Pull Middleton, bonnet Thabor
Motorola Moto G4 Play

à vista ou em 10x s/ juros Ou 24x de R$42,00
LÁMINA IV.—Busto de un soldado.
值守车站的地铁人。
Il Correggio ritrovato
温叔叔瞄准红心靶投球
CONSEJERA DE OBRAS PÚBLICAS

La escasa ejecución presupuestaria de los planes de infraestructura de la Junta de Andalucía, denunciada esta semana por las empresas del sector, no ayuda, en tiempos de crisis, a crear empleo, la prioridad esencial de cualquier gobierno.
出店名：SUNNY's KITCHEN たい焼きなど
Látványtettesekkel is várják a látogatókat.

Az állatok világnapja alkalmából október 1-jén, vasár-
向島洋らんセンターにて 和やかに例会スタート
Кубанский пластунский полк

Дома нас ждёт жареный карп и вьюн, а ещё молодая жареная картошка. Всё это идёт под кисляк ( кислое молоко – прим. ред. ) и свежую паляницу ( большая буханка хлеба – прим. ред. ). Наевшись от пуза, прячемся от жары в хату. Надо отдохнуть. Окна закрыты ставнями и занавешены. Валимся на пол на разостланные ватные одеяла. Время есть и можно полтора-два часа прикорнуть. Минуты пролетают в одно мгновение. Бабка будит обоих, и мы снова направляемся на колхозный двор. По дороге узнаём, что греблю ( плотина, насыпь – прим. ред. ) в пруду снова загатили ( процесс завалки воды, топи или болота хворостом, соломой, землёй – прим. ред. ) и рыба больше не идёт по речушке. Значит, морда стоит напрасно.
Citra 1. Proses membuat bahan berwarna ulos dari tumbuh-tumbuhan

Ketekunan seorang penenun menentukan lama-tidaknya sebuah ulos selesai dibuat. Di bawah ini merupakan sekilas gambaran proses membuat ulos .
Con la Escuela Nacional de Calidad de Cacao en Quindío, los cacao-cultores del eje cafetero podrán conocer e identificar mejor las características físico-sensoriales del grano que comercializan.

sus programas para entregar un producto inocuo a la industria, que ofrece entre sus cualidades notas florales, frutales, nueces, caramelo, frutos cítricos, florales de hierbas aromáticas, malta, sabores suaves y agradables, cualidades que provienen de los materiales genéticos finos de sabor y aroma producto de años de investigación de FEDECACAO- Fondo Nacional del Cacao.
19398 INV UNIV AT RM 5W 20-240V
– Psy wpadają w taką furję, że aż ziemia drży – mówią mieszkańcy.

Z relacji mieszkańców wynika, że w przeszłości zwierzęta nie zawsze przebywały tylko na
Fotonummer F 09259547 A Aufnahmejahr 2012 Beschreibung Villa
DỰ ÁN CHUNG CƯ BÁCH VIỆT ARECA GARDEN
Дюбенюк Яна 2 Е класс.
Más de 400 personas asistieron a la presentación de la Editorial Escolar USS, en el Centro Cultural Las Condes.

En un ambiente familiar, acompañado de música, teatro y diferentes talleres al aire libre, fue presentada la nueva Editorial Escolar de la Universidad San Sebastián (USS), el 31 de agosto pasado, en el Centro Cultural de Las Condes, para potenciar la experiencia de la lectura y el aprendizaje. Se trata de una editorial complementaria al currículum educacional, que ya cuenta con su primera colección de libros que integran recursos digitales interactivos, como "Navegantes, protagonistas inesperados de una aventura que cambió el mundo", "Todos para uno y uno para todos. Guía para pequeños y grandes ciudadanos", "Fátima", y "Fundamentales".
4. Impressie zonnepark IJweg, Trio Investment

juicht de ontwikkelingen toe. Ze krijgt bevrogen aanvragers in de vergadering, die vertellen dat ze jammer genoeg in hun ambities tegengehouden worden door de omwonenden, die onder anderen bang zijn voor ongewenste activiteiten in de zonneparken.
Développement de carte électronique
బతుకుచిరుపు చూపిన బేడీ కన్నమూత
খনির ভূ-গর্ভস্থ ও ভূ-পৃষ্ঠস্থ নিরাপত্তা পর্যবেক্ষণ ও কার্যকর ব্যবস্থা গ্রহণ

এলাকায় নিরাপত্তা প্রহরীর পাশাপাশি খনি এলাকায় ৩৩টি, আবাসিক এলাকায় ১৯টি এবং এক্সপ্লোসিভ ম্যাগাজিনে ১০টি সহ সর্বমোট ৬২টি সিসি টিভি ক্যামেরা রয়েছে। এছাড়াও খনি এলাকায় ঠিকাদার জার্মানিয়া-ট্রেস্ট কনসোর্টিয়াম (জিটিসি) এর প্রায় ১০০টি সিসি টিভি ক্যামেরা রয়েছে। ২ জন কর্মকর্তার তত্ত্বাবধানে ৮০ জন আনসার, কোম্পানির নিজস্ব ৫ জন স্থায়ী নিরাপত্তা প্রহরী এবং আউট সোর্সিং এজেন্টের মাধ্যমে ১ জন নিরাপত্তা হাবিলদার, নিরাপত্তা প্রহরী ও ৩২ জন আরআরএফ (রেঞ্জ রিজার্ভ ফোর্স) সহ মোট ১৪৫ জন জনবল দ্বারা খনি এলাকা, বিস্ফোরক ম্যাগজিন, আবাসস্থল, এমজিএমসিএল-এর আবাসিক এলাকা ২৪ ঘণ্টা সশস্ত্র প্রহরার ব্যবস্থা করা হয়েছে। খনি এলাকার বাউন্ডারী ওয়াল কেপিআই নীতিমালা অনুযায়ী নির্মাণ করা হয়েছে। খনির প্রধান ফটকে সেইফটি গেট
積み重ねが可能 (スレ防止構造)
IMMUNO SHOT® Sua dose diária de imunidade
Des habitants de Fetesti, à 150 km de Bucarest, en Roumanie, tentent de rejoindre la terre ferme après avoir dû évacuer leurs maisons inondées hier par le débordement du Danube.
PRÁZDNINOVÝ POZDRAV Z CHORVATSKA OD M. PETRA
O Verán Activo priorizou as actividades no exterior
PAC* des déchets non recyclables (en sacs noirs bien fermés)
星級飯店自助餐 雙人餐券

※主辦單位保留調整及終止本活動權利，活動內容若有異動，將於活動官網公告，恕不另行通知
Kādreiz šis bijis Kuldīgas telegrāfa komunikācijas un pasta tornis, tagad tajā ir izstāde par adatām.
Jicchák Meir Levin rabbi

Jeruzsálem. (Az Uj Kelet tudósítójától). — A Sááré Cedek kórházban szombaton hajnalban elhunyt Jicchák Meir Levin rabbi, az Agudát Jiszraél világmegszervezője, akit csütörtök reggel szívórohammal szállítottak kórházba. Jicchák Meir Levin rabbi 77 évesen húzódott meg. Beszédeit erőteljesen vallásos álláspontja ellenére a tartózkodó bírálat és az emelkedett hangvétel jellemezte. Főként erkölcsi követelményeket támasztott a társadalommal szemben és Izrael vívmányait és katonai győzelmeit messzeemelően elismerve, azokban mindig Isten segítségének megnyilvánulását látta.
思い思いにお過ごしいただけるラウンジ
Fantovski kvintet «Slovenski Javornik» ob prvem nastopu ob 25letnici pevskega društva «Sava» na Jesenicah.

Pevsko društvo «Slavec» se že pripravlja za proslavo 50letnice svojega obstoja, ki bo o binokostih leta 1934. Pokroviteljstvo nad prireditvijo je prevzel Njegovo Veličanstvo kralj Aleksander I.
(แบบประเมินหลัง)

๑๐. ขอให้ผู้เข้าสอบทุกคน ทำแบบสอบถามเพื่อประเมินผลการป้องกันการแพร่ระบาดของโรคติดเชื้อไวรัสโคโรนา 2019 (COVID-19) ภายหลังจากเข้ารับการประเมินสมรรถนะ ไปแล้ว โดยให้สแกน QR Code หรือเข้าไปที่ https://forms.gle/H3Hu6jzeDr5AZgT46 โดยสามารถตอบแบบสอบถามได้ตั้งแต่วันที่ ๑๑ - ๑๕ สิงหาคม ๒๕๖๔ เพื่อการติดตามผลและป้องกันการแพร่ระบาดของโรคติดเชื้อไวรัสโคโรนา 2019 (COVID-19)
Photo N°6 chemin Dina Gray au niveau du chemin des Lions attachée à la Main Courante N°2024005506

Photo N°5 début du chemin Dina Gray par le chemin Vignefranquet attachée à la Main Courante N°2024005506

Work request:
Look above for the line with "星級飯店自助餐 雙人餐券" and the line with "kralj Aleksander I.". Retype those two lines and every line between them exactly, adding nothing.

Completed task:
星級飯店自助餐 雙人餐券

※主辦單位保留調整及終止本活動權利，活動內容若有異動，將於活動官網公告，恕不另行通知
Kādreiz šis bijis Kuldīgas telegrāfa komunikācijas un pasta tornis, tagad tajā ir izstāde par adatām.
Jicchák Meir Levin rabbi

Jeruzsálem. (Az Uj Kelet tudósítójától). — A Sááré Cedek kórházban szombaton hajnalban elhunyt Jicchák Meir Levin rabbi, az Agudát Jiszraél világmegszervezője, akit csütörtök reggel szívórohammal szállítottak kórházba. Jicchák Meir Levin rabbi 77 évesen húzódott meg. Beszédeit erőteljesen vallásos álláspontja ellenére a tartózkodó bírálat és az emelkedett hangvétel jellemezte. Főként erkölcsi követelményeket támasztott a társadalommal szemben és Izrael vívmányait és katonai győzelmeit messzeemelően elismerve, azokban mindig Isten segítségének megnyilvánulását látta.
思い思いにお過ごしいただけるラウンジ
Fantovski kvintet «Slovenski Javornik» ob prvem nastopu ob 25letnici pevskega društva «Sava» na Jesenicah.

Pevsko društvo «Slavec» se že pripravlja za proslavo 50letnice svojega obstoja, ki bo o binokostih leta 1934. Pokroviteljstvo nad prireditvijo je prevzel Njegovo Veličanstvo kralj Aleksander I.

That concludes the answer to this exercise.